Trading the forex market can be quite easy and profitable, if you know what trading opportunities to look for. The forex market handles more that $3 Trillion worth of transactions per day; with numbers like these there are lots of opportunities to be had, traders only need a good trading strategy and the discipline to follow it. In this article, we will outline a simple but effective RSI and candle stick simple strategy to manually day trade forex market opportunities.
RSI and Candle Stick Trading Strategy
In this strategy we will use the RSI indicator, and chart patterns. In essence we are looking for trades where the market has become overbought or oversold. The chart below shows four good trading opportunities. Notice that the buy and sell signals occur after the market had reached overbought and oversold levels on the RSI indicator. The resulting trade signals are engulfing candlestick patterns that show up as a decisive reversal of the previous price movement.
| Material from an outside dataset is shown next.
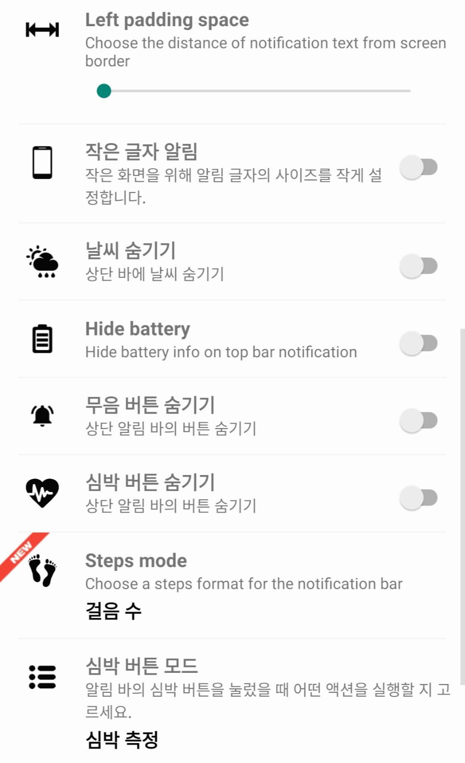 날씨, battary, 무음 버튼, 심박 버튼 숨기기는 각 기능을 숨기는 기능입니다. 이 기능이 왜 또 있냐 헷갈리실 수 있으니 설명드리면 아까는 메인 화면에서 숨기기로 이번에는 알림 바에서 숨기는 기능입니다.
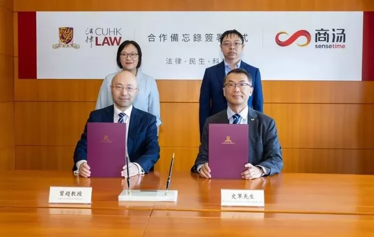 在香港中文大学常务副校长潘伟贤教授(后排左)、商汤科技联合创始人林达华博士(后排右)的见证下,香港中文大学法律学院院长习超教授(前排左)与商汤科技亚太业务总裁、集团战略规划副总裁史军先生(前排右)签署合作备忘录

These patterns don’t occur very often, but if you are lucky and patient you should be able to find at least one per day on one of the major currency pairs. Just in case you are wondering when is a good time to look for this chart pattern; they generally show up after economic news releases, or when the major markets are open, i.e. New York and London.
Figure 1. RSI Engulfing Candle Stick Pattern
Conditions for entering a trade with this strategy:
- The market makes a decisive move in a new directions.
- The resulting candle engulfs at least one candle to the immediate left.
- The market was overbought or oversold prior to the englufing candle pattern.
- The move seems to be a response to a major news release, such as economic data.
The best trading strategies are the simple ones that use two or more indicators to verify trade setups. While no trading strategy is correct 100% of the time, if you use good money management you can still come out on top, even if you experience a loosing streak. A discussion on money management is beyond the scope of this article, but if you don’t risk more than 2% of your account balance at any time, you should do well.
Improving Your Trading Signals
You can use other indicators to further improve the quality of the trade signals you are getting. Please do not enter a trade every time you see one of these patterns show up. You should use other indicators to determine whether the trade is likely to fail because the price movement has come upon a significant support or resistance level. In any case, if the trade feels right take it. One of the best ‘technical indicator’ you will ever have is gut feelings.
Another technical indicator that you can use to identify major support and resistance levels are Pivot Points. As a result, this technical indicator can help you identify good trading opportunities. We won’t go into a discussion on how to use of Pivot Points here, but you can have a look at this resource on Pivot Point trading strategies. You may find that moving average can also be quite useful in determining the market trend, and support and resistance levels.
A trade is confirmed as having a high probability of success when more than one indicator confirms the trade setup. However, you must be careful not to use too many indicators at once because they may cause you to second guess taking a very good trade opportunity.
As you become more comfortable with trading, you will want to look at more advanced trading strategies and concepts, such as the impact of the carry trade on price movements and also how a Central bank’s monetary policy can affect the markets, but for now this simple strategy to manually day trade forex market should give you enough trading opportunities to keep your trading account growing.